I Paesi Bassi sono il migliore esempio al mondo di centro poliurbano, meglio conosciuto come Randstad o “Città-anello”. Una necessità per chi deve organizzarsi in un territorio di 41mila chilometri quadrati in buona parte strappati al mare. Il tutto è stato trasformato dagli olandesi in virtù, tradotta in razionalizzazione dello spazio: basti pensare che dentro allo stadio si infila una superstrada che lo attraversa da sotto.
Una comunità che dopo 20 anni può godere non di una stadio, ma di un’area dove fare quattro passi, fare un giro al centro commerciale e mangiare un’ala di pollo fritta o un cono di frieten, le patate fritte che qui vanno forte come in Belgio. E se siete qui in vacanza, nei giorni in cui non si gioca a calcio o non si esibisce Beyoncé ci si può dare al turismo con il tour dello stadio. Lo schema è quello classico, seguito ormai nella maggior parte dei grandi impianti d’Europa: una guida, che parla inglese perfettamente, ti porta in giro per le viscere dello stadio, facendoti entrare negli spogliatoi (quello dell’Ajax sembra un’astronave, altro che le panche in legno di una volta, chissà se Cruijff avrebbe gradito) e portandoti in giro tra spalti e campo, per poi finire nel museo del club, dove coppe, maglie e ritagli di giornale ti fanno capire dove sei e di cosa parliamo quando parliamo di Ajax. Ovviamente, qui Johan ha uno spazio tutto per sé.
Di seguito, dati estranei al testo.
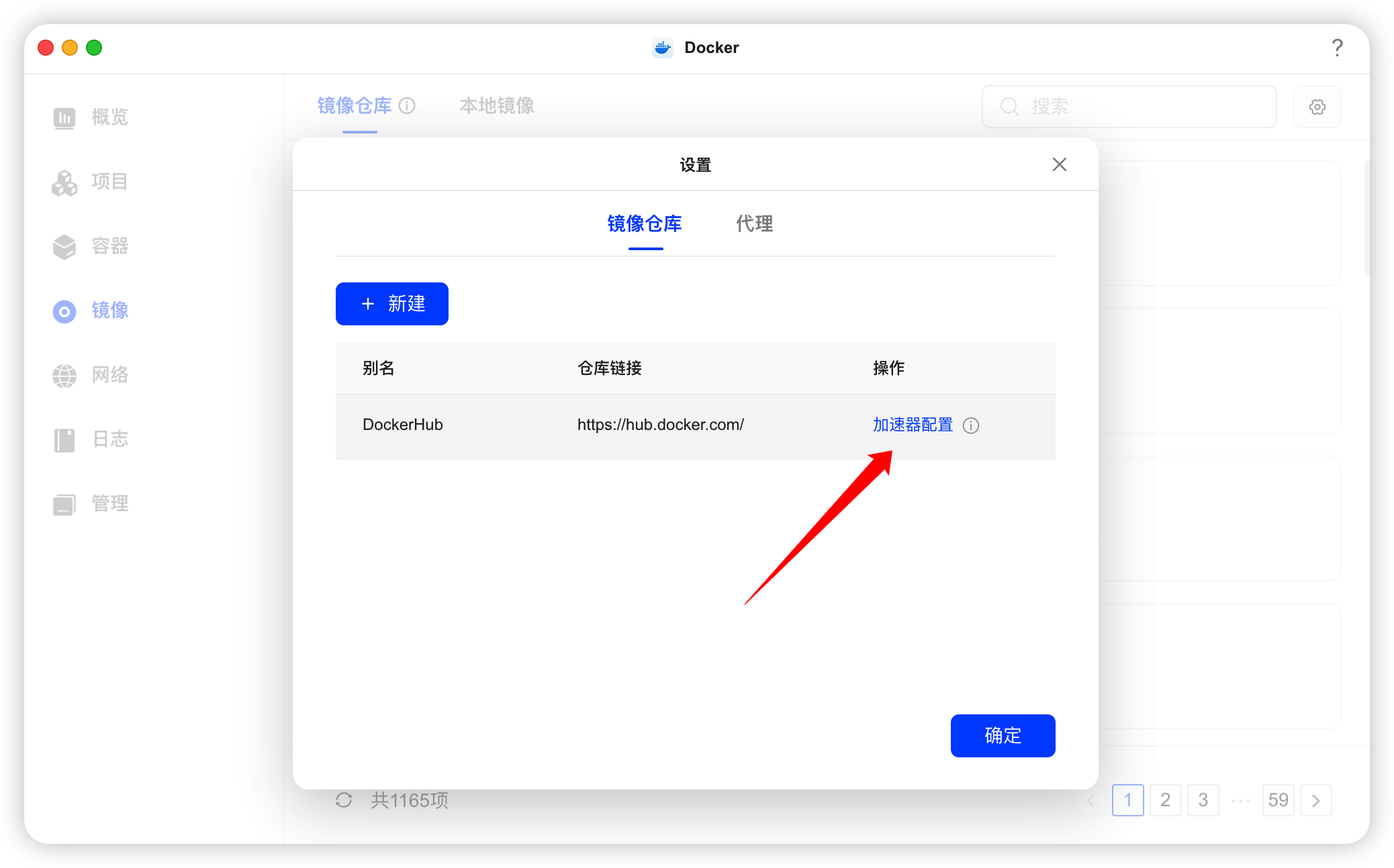 在「镜像仓库」这里,点击下图箭头所指的「加速器配置」按钮。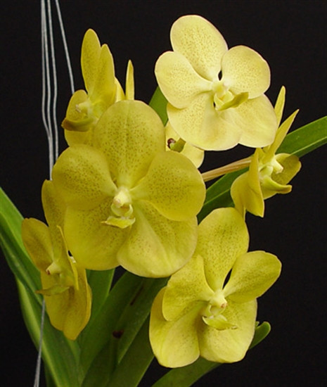 A colorful yellow Vanda with 3" wide flowers. Heavy substance flowers that ship well even while in bloom.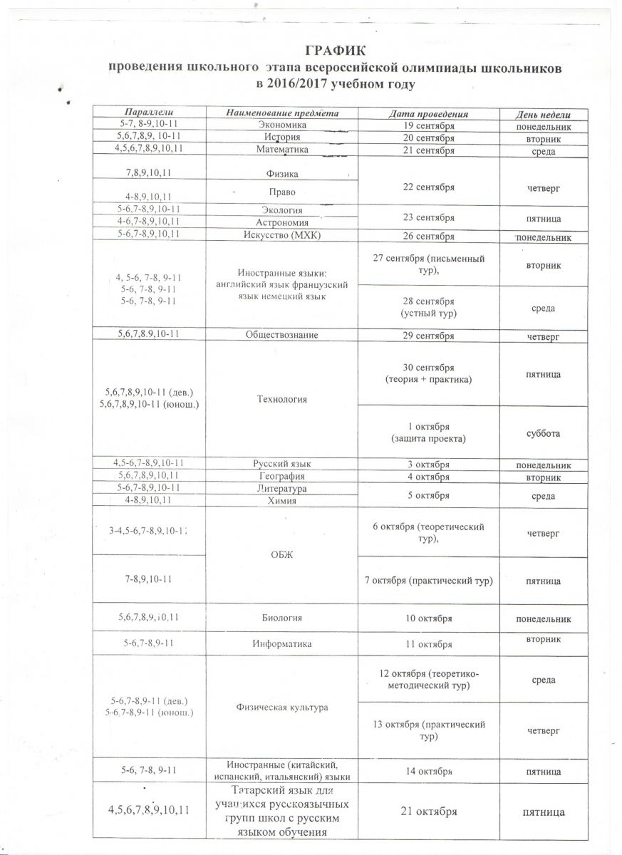 График проведения школьного этапа всероссийской олимпиады школьников в 2016-2017 уч.году.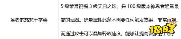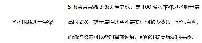 这两把武器对于奶爸来说都算不错,但还是推荐圣者的慈悲十字架,5级荣誉和3级天启之珠,是100级版本奶爸奶量最高的武器,奶量属性词条不需要任何触发效果,非常直观。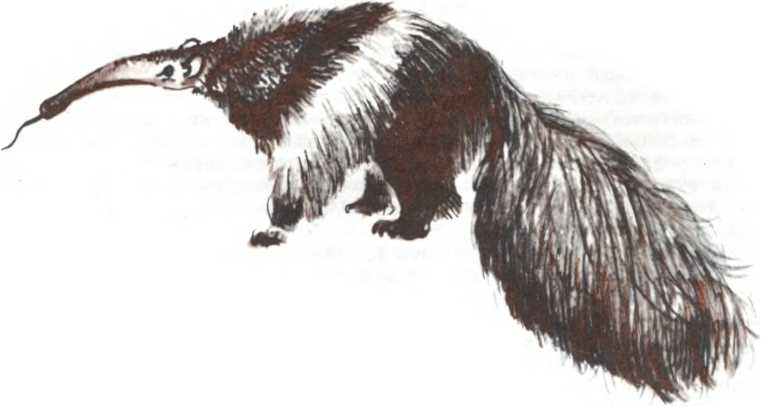 Очень странный зверь — большой муравьед. Он живет в тропических лесах Южной Америки. Вид муравьеда настолько необычен, что когда его, по словам работников одного из зоопарков, поместили в обезьянник, «то обезьяны так шумели и бесновались, что пришлось завесить их клетки, и даже шимпанзе при виде ужасного животного со страха зарылся в солому».

Le guide del tour dell’Arena, poi, sono molto orgogliose. Quando una di loro ci guida attraverso il corridoio con le foto dei giocatori che hanno fatto la storia del club (chi scrive è stato l’unico in un gruppo di venti persone a riconoscere Litmanen, non per vantarci), arrivati all’altezza di Ibrahimovic spiega: “Dopo il Psg poteva tornare qui, ma ha detto che voleva fare la Champions. Poi è andato allo United, che mica ci gioca in Champions. Fino ad ora lì ha avuto 24 occasioni da gol. E sapete quante volte ha segnato?”. Solo quattro. E non potrà rifarsi qui nel 2020, all’Europeo itinerante, visto che ha dato l’addio alla nazionale svedese. L’Arena ospiterà quattro partite, tra cui un ottavo di finale. Per arrivare pronto all’evento, subirà alcune modifiche: l’allargamento della capienza fino a un massimo di 58mila posti e una nuova copertura attorno agli spalti, che lo renderà simile all’Allianz Arena anche nel colore: rosso. Il futuro era qui e ci sarà ancora.